Dr. Hazel N. Dukes, President of the New York State Conference of the NAACP, the leaders of the organizations running the campaign and the President of the Board of Freeholders, Catherine Borgia, as well as Chris Johnson, Leader of the Majority and Jewel Williams Johnson, author of the legislation and chair of the Westchester Board of Freeholders Health Committee, work with youth to oppose the harm nicotine is doing to youth.

In New York, 22.3% of high school students use e-cigarettes, with the majority preferring to use flavored tobacco, with fruit, candy, dessert, mint, and menthol being the most popular flavors. Menthol cigarettes play an important role in luring new users, predominantly under the age of 18 and in Black and Latino communities, into a life of addiction.

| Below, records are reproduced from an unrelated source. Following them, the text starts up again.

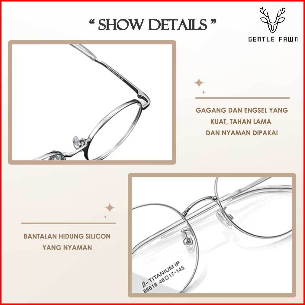 Gentle Fawn Kacamata Antiradiasi Blueray Sinar Biru Titanium Ringan Bisa Minus Photocromic Bluecromic Bulat 86618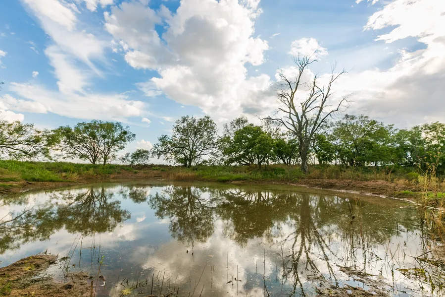 There are two water wells on the property. One is equipped with a submergible pump, and the other is cased well. There are three dirt tanks on the property.
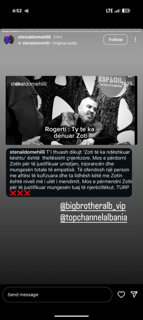 Familjarët e Stenaldos, të cilët menaxhojnë llogarinë e tij të Instagramit, kanë bërë një reagim publik duke dënuar rëndë gjuhën e përdorur.

New York spends $12.07 billion a year in health care costs caused directly by smoking, and there are currently 280,000 children under the age of 18 and alive in New York who will ultimately die prematurely from smoking.

The hearing on the legislation will begin at 7:30 pm on the 8th floor of the Westchester County Board of Freeholders courtroom.

  • THE DATA
– Cigarettes, hookah, chewing tobacco, cigarillos, cigars, dried snuff, sauces, and soluble nicotine have flavorings added to increase their appeal and palatability. Many come in a variety of flavors such as menthol, vanilla, orange, apple, cola, chocolate, cherry, coffee, and grape.
– Research shows that flavored tobacco products are widely considered “starter” products, and people who use them are more likely to be “hooked” than someone trying flavorless tobacco products for the first time.
– Flavoring masks the harshness of tobacco products, making them more addictive and harder to quit. According to the Centers for Disease Control (CDC), flavored tobacco is more addictive than regular tobacco products.
– In 2009, the Food and Drug Administration (FDA) banned all flavored cigarettes except those containing menthol, and was given authority to regulate other tobacco products.
– There are a variety of new smokeless and flavored tobacco products, including dry, dip and chew tobacco, dissolvable nicotine, e-cigarettes, snus and energy mold.
– These products are popular with young people because they are attractive and are perceived as safer.
Also, because these products are smoke-free, youth can use these products at school and other public places without being identified as smokers.

Posted on November 11, 2022

ALL RIGHTS RESERVED. 2022.
THE TOTAL OR PARTIAL REPRODUCTION OF ANY MATERIAL FROM THIS NEWSPAPER IS PROHIBITED WITHOUT THE EXPRESS AND WRITTEN AUTHORIZATION OF THE PUBLISHING COMPANY.